Be clear about what they lose.

It needs to be really clear to the characters (and the audience) what exactly they’ve lost. Rapunzel loses not just Flynn, but her freedom. Lightning loses community. He’s back to a place where his value to those around him is strictly based on him being a fast car. Lizzy loses the good marriage she had been waiting for, and it’s made even more painful by the knowledge that she could’ve had it if she’d said yes to Darcy the first time.

The lie they believe has never felt heavier.

We’ve talked in several posts about your character having a lie or misbelief that they need to overcome. In this scene, the lie should weigh on them. Like how in Tangled, Rapunzel has believed throughout the movie that she’s not really strong enough to handle life outside of the tower. At the high moment, in the boat with Flynn, she believed she was strong enough. But the black moment brings the lie back with greater intensity.

The main character is now tied to the antagonistic force.

This moment is critical in pushing your character to the climactic moment of the book, so it should tie them to the main antagonist. Lightning is back to racing Chick, Rapunzel is in the tower with Mother Gothel, and Lizzy is back home with all the poverty and dysfunction that makes her a bad match for Mr. Darcy.

In addition to the villain or main antagonist, you need to be moving all the characters into position.

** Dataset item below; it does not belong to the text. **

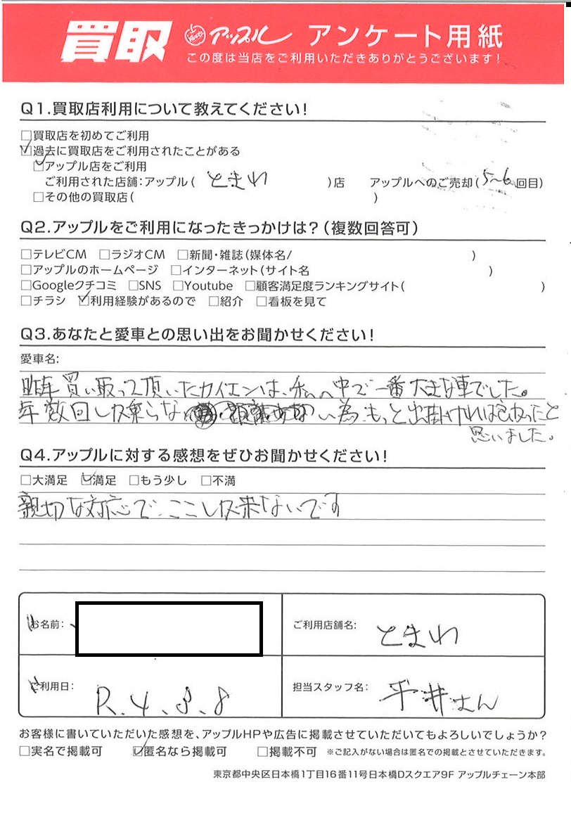 お車のご相談・ 査定だけでもOK! カンタン 入力 30秒 アップルがブランド買取始めました! お電話でも受付中! 受付時間10:00 ~ 18:30 0120-174-177 お車のご相談・ 査定だけでもOK! カンタン 入力 30秒 アップルがブランド買取始めました! お電話でも受付中! 受付時間10:00 ~ 18:30 0120-174-177 アップルがブランド買取始めました! お電話でも受付中! 受付時間10:00 ~ 18:30 0120-174-177 店舗情報 在庫車 スタッフ紹介 ブログ お客様の声 キャンペーン お得 無料査定 click お客様の声 ご記入日: 2022/03/08 M様 車名:ホンダ ライフ 親切な対応で、ここにしか来ないです 前へ 次へ お客様の声一覧を見る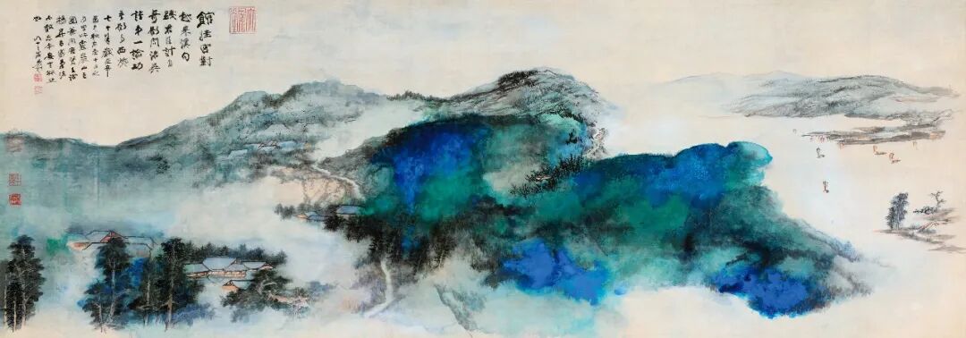 张大千(1899-1983)《灵岩山色图》,绢本设色,95 × 265 cm., 1981年, 私人收藏。此作正于 “南张北齐 —张大千齐白石书画艺术特展” 中展出。图片鸣谢龙美术馆

Your supporting characters might be trying to find your main character, or maybe they’re part of the problem. Whoever is going to be at the big dance at the end, start getting them into place, even if your main character is too low to notice.

If you’re reading all this and thinking, “But I don’t even really know what my climactic moment is yet!” that’s okay.

I never get my endings right the first time. I nearly always scrap the original ending completely or do so much work on it in edits that you wouldn’t recognize it from what I’d originally written. Despite having studied story structure for years and constantly consuming stories, I never get the end right on my first pass.

But you know what’s most important when you’re writing the first draft of your ending?

Writing an ending.

You can’t fix something that’s not written.

If you don’t know the right way to end the book right now, that’s fine. If you’re like me, you maybe have to write a wrong ending before you understand what’s required for the right ending. That’s frustrating—believe me, I know—but sometimes that’s how it works.

Do you typically know your ending from the time you start the story, or do you figure it out as you write?